In 1984, following Prime Minister PW Botha's constitutional reforms, the NPP stood for the newly constituted House of Delegates, the Indian only parliamentary chamber, and won the majority of seats in the House. As a result, Rajbansi became a member of the South African Cabinet and chairman for the Ministers' Council for Indian Affairs.

Rajbansi's leadership of the House of Delegates was often controversial, and in May 1987, his NPP lost its majority to an opposition coalition. However, Rajbansi did not resign his chairmanship, and he survived the leadership challenge with the help of P.W. Botha. A Parliamentary select committee later in 1987 found that Rajbansi accepted R10 000 for his party in order to "facilitate the obtaining of land and contracts", and he was suspended from the House of Delegates. He was suspended from P.W. Botha's cabinet, and Botha appointed a commission of enquiry under Justice Neville James to investigate allegations of corruption in the House of Delegates Administration. He was later found guilty by another parliamentary committee of "glaring" maladministration in forcing the purchase of a cultural centre for an inflated price. Botha fired Rajbansi from his cabinet and his Minister's Council in December 1988, following the preliminary report from the James Commission. The final report of the commission described Rajbansi as "arrogant", "unscrupulous", "ruthless" and a "mean-minded bully". The commission found that Rajbansi had lied to Parliament, committed statutory perjury, had given false evidence to the commission, and misused his position. It also recommended that he never again be employed as a minister in the House of Delegates or in any official or semi-official post which called for integrity. He later resigned as leader of the NPP, and was suspended from the House of Delegates, only to be reinstated a few months later. In June 1990, he was convicted on 2 counts of fraud, and was fined R10 000 for using "fronts" to obtain premises for his businesses when he was a member of the SA Indian Council.

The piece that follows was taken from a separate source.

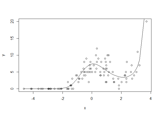 First, let’s make up a bit of count data. The underlying ‘true’ model will be poisson (think count data) with a log link (so slope estimates are multiplicative of the poisson mean). But we’ll introduce a bit of non-linearity.
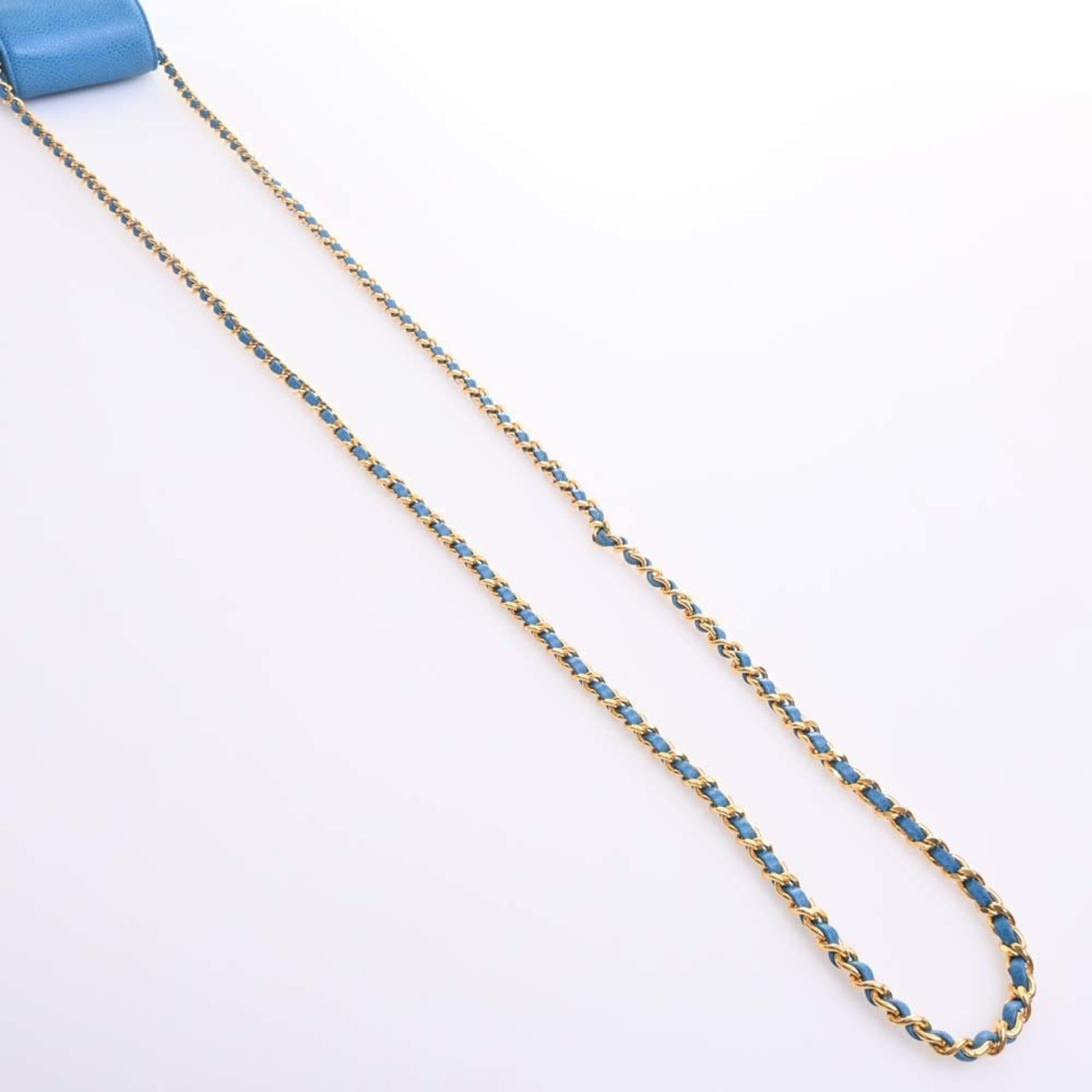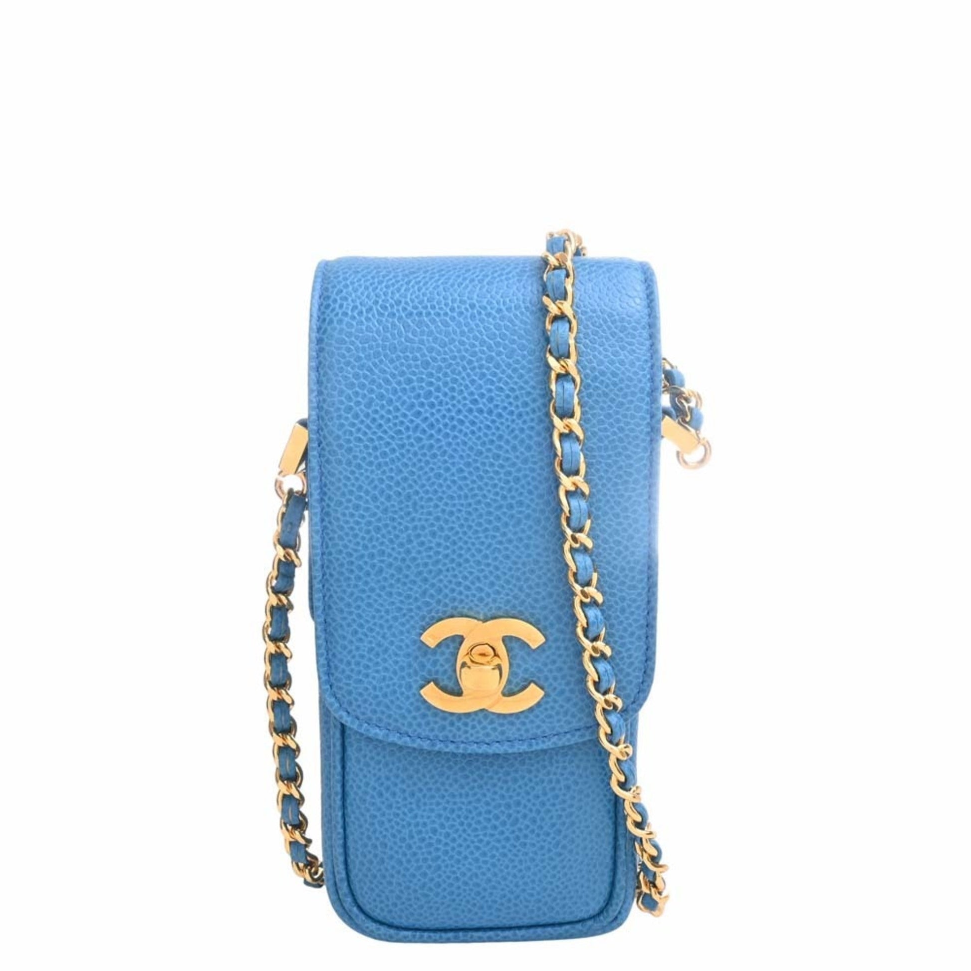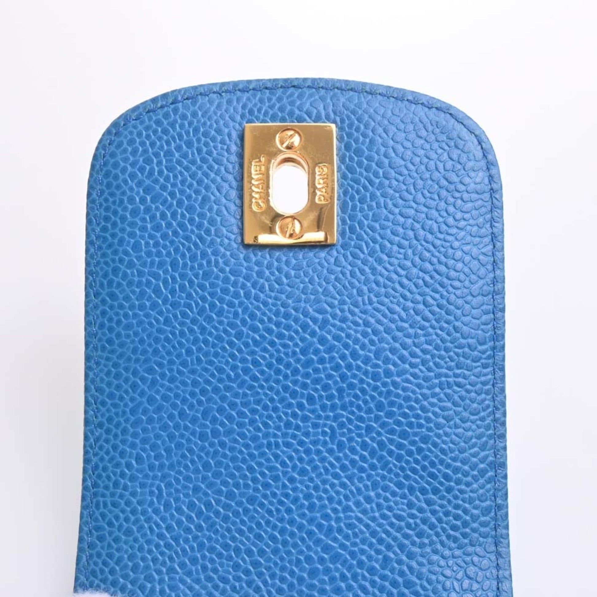 Chanel Leather Coco Mark Chain Phone Case Shoulder Bag Blue Ladies

After South Africa's transition to multi-racial democracy in 1994, the NPP became the Minority Front and continued to draw support from parts of the Indian community.

After the 2004 elections, Rajbansi made an alliance with the African National Congress and he became MEC for Sports and Recreation for KwaZulu-Natal Province. In January 2009, Mr Rajbansi received a Lifetime Achievement Award from the India International Friendship Society in New Delhi, in recognition of his selfless service to humanity. He was the only African to receive this award.

On 29 December 2011, Rajbansi died from natural causes.

==Personal life==
Rajbansi was formerly married to Asha Devi, a journalist and popular figure in local government. Devi spoke to Jani Allan in an interview published by the Sunday Times in the 1980s about her affection for her husband. She referred to her husband as "her hero". "Even if it means sleeping on a bed of nails or walking on coals for him, I will do it ... I will always stand by him." They also had four daughters and a son together. Their relationship soured when Devi joined the IFP. The couple separated in 1998, with political and alleged paranormal activity in their marital home being cited as reasons attributed to their separation. The couple divorced in 2000. A year later Rajbansi married Shameen Thakur.

In 2003 Rajbansi's ex-daughter-in-law, Karnagie Tandree was strangled to death Police have deliberated over both murder and suicide as a cause of the death.